┌─ Data excerpt
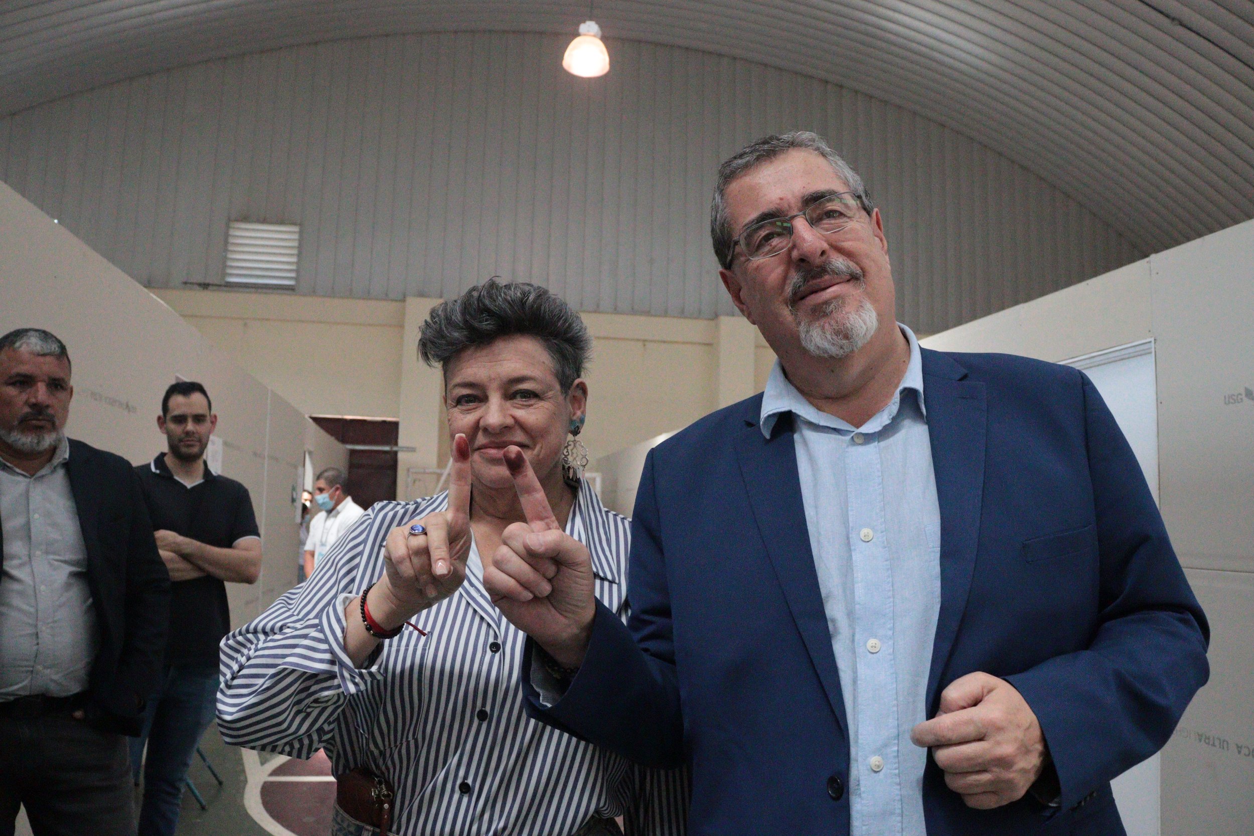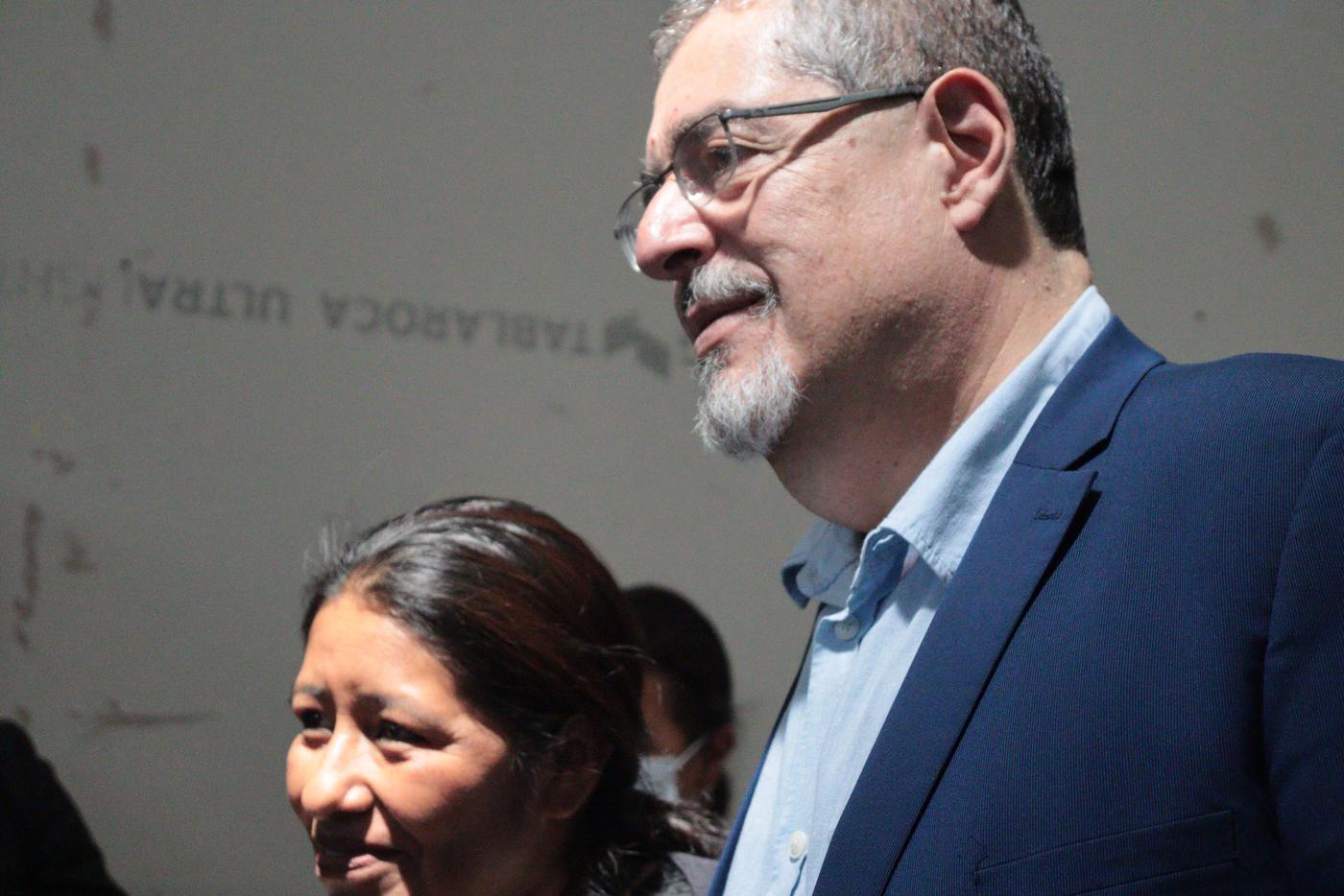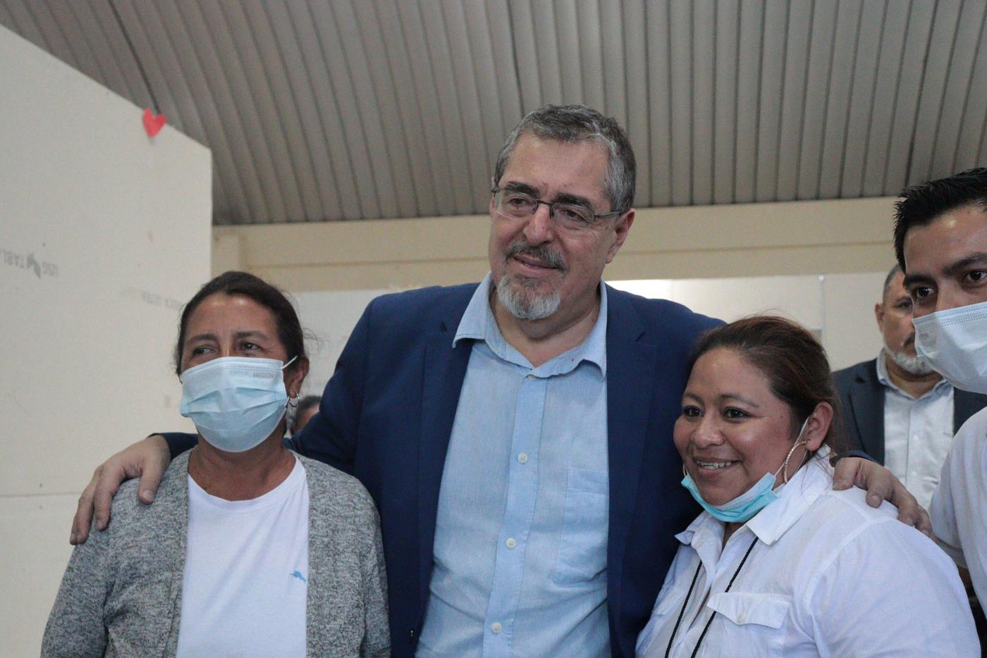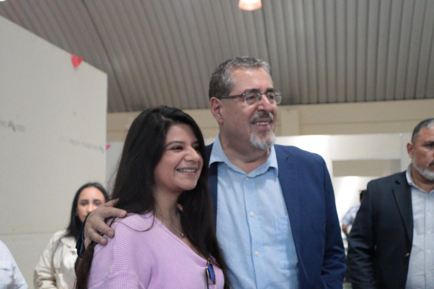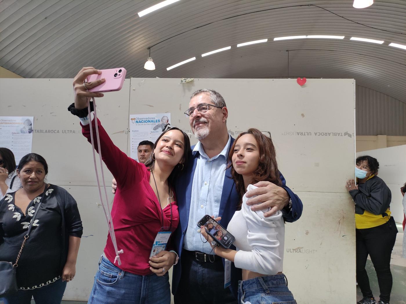 La presencia del ahora presidente electo, Bernardo Arévalo causó gran algarabía y junto a Lucrecia les tomó más de diez minutos salir del centro de votación, ya que les pedían una fotografía del recuerdo, a la que con una sonrisa ambos accedieron.
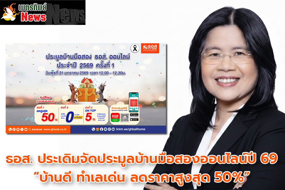 นางสาวอรนุช พงษ์ประยูร รองกรรมการผู้จัดการ กลุ่มงานปรับโครงสร้างหนี้ ธนาคารอาคารสงเคราะห์ (ธอส.) เปิดเผยว่า ธอส. พร้อมเดินหน้าสานต่อพันธกิจ “ทำให้คนไทยมีบ้าน” ผ่านช่องทางที่เข้าถึงได้อย่างสะดว กยิ่งขึ้นจัดงาน “ประมูลบ้านมือสอง ธอส. ออนไลน์ ประจำปี 2569 ครั้งที่ 1” ในวันพุธที่ 21 มกราคม 2569 ระหว่างเวลา 12.00 -12.30 น. ผ่าน Application : GHB ALL HOME โดยนำทรัพย์เด่น ทำเลดี ราคาคุ้มค่ากว่า 1,600 รายการทั่วประเทศ
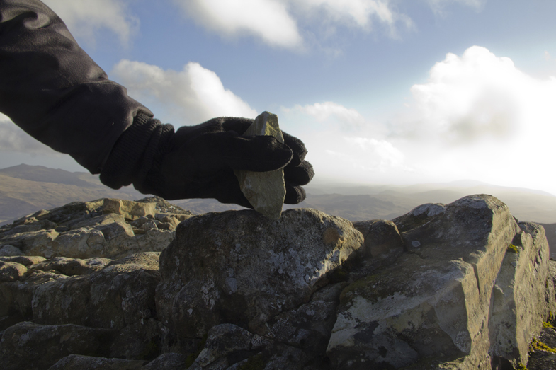 ‘‘The Intruder’ presents an inch of stone removed from the English landscape. At a glance it is seemingly insignificant and yet the material is carefully presented. Scaling the 3028ft of Scafell Pike in the Lake District, the artist has stolen the uppermost inch of the highest mountain in England. An entire nation’s height is modified and its landscape redefined by means of a single careful action.’
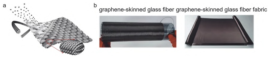 (a)纖維絲束和織物上石墨烯CVD生長示意圖;(b)蒙烯玻璃纖維絲束(左)和蒙烯玻璃纖維織物(右)的實物照片
└─
Reproduce every line above as written, skipping pictures.

 La presencia del ahora presidente electo, Bernardo Arévalo causó gran algarabía y junto a Lucrecia les tomó más de diez minutos salir del centro de votación, ya que les pedían una fotografía del recuerdo, a la que con una sonrisa ambos accedieron.
 นางสาวอรนุช พงษ์ประยูร รองกรรมการผู้จัดการ กลุ่มงานปรับโครงสร้างหนี้ ธนาคารอาคารสงเคราะห์ (ธอส.) เปิดเผยว่า ธอส. พร้อมเดินหน้าสานต่อพันธกิจ “ทำให้คนไทยมีบ้าน” ผ่านช่องทางที่เข้าถึงได้อย่างสะดว กยิ่งขึ้นจัดงาน “ประมูลบ้านมือสอง ธอส. ออนไลน์ ประจำปี 2569 ครั้งที่ 1” ในวันพุธที่ 21 มกราคม 2569 ระหว่างเวลา 12.00 -12.30 น. ผ่าน Application : GHB ALL HOME โดยนำทรัพย์เด่น ทำเลดี ราคาคุ้มค่ากว่า 1,600 รายการทั่วประเทศ
 ‘‘The Intruder’ presents an inch of stone removed from the English landscape. At a glance it is seemingly insignificant and yet the material is carefully presented. Scaling the 3028ft of Scafell Pike in the Lake District, the artist has stolen the uppermost inch of the highest mountain in England. An entire nation’s height is modified and its landscape redefined by means of a single careful action.’
 (a)纖維絲束和織物上石墨烯CVD生長示意圖;(b)蒙烯玻璃纖維絲束(左)和蒙烯玻璃纖維織物(右)的實物照片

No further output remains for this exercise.